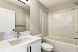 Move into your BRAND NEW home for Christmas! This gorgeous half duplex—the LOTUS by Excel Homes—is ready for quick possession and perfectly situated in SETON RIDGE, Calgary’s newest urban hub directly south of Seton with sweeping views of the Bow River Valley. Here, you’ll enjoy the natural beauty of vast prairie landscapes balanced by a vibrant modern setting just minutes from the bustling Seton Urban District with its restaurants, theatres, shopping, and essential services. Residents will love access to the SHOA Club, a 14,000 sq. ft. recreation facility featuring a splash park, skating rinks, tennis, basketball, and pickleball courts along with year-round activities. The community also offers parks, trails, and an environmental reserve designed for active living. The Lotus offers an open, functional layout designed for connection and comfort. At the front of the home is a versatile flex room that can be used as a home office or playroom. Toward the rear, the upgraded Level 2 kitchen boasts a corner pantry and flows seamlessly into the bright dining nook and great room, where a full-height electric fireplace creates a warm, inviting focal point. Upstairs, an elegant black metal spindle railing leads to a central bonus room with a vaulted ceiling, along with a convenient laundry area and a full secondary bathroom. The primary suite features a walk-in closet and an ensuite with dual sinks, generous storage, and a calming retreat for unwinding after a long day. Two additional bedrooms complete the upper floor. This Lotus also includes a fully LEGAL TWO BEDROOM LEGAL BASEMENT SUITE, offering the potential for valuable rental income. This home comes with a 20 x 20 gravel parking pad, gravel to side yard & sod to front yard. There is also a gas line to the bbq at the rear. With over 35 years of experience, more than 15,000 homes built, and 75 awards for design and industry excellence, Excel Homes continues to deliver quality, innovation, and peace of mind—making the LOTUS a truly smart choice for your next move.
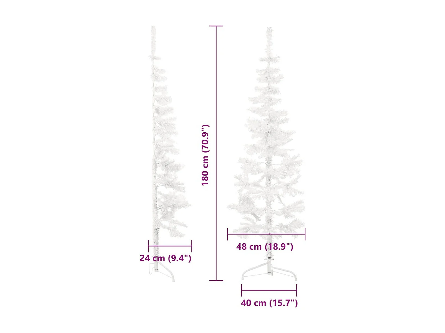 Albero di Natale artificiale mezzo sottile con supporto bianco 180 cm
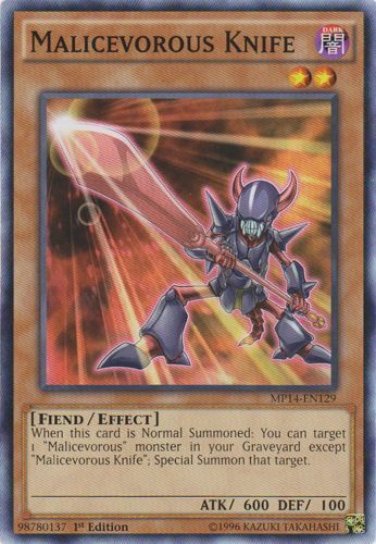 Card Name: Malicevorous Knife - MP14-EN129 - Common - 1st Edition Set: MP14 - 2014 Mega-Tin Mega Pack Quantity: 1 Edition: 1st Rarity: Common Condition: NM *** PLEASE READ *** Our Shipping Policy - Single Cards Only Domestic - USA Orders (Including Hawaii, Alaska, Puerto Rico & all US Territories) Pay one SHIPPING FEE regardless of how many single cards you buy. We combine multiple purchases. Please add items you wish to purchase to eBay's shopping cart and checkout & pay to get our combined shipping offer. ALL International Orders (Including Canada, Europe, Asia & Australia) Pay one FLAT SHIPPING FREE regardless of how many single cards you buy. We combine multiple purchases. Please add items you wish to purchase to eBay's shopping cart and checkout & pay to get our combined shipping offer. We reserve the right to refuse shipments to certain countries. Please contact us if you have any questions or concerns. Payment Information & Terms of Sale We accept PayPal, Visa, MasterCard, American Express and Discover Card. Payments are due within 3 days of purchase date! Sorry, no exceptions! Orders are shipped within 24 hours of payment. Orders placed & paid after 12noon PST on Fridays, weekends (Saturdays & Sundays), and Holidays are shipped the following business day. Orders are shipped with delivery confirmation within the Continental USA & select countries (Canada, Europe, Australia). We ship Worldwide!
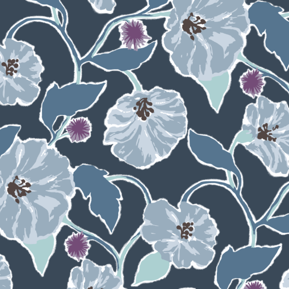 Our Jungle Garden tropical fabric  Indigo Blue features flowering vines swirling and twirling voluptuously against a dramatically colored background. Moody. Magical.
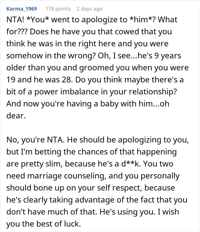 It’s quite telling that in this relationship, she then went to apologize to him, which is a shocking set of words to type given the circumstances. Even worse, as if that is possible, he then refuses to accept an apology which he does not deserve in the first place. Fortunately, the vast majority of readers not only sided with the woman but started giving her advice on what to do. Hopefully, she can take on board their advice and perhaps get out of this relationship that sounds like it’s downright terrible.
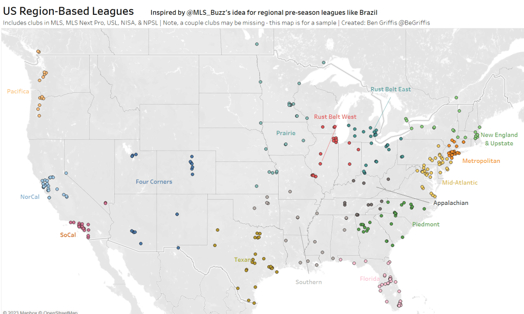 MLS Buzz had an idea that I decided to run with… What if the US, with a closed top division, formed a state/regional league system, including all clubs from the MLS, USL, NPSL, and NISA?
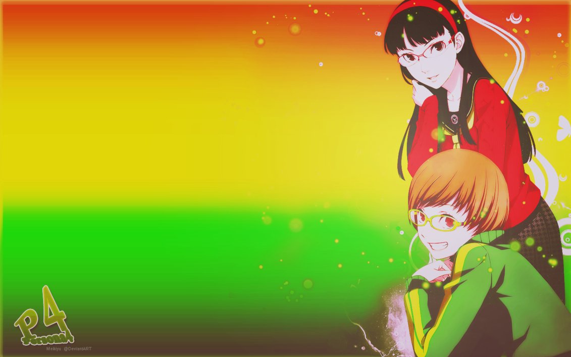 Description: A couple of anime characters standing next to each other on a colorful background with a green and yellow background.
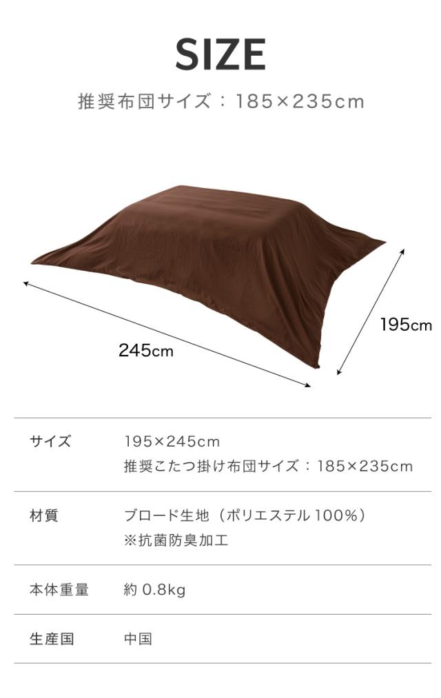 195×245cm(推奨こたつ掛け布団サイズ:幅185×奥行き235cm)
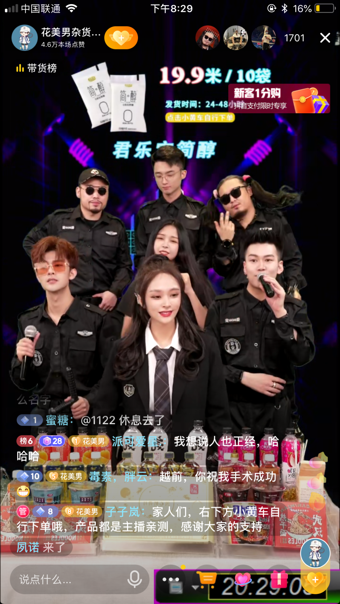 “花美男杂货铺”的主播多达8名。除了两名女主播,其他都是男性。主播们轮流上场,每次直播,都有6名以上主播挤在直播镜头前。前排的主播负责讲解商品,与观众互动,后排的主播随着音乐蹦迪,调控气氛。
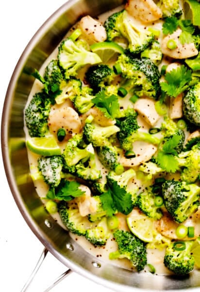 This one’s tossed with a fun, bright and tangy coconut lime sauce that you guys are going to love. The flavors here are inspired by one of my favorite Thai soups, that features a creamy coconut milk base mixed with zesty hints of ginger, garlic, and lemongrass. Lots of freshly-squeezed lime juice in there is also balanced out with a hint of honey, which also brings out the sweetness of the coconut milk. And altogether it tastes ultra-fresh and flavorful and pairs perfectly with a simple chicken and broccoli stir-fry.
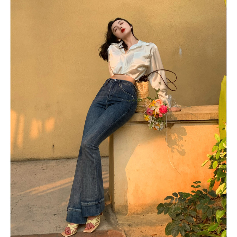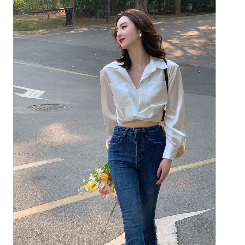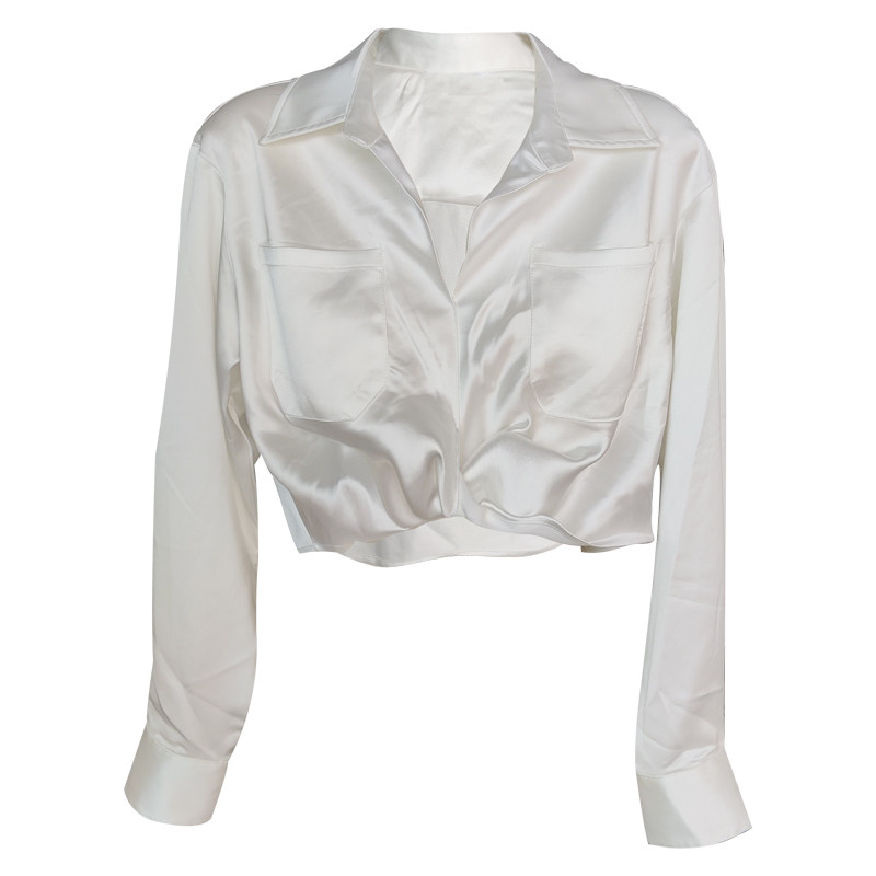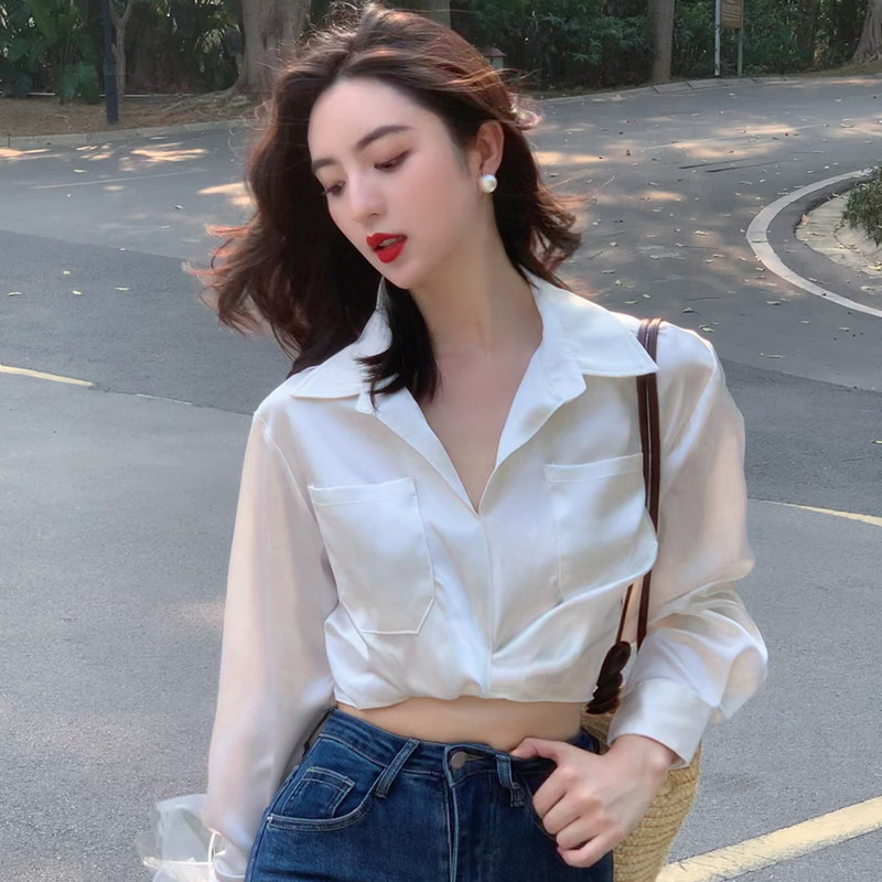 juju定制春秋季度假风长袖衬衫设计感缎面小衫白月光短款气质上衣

---

Task to complete
Take only the line containing "195×245cm(推奨こたつ掛け布団サイズ:幅185×奥行き235cm)" and every line after it to the end of the entries, and copy them exactly, pictures excluded.

Exercise solution
 195×245cm(推奨こたつ掛け布団サイズ:幅185×奥行き235cm)
 “花美男杂货铺”的主播多达8名。除了两名女主播,其他都是男性。主播们轮流上场,每次直播,都有6名以上主播挤在直播镜头前。前排的主播负责讲解商品,与观众互动,后排的主播随着音乐蹦迪,调控气氛。
 This one’s tossed with a fun, bright and tangy coconut lime sauce that you guys are going to love. The flavors here are inspired by one of my favorite Thai soups, that features a creamy coconut milk base mixed with zesty hints of ginger, garlic, and lemongrass. Lots of freshly-squeezed lime juice in there is also balanced out with a hint of honey, which also brings out the sweetness of the coconut milk. And altogether it tastes ultra-fresh and flavorful and pairs perfectly with a simple chicken and broccoli stir-fry.
 juju定制春秋季度假风长袖衬衫设计感缎面小衫白月光短款气质上衣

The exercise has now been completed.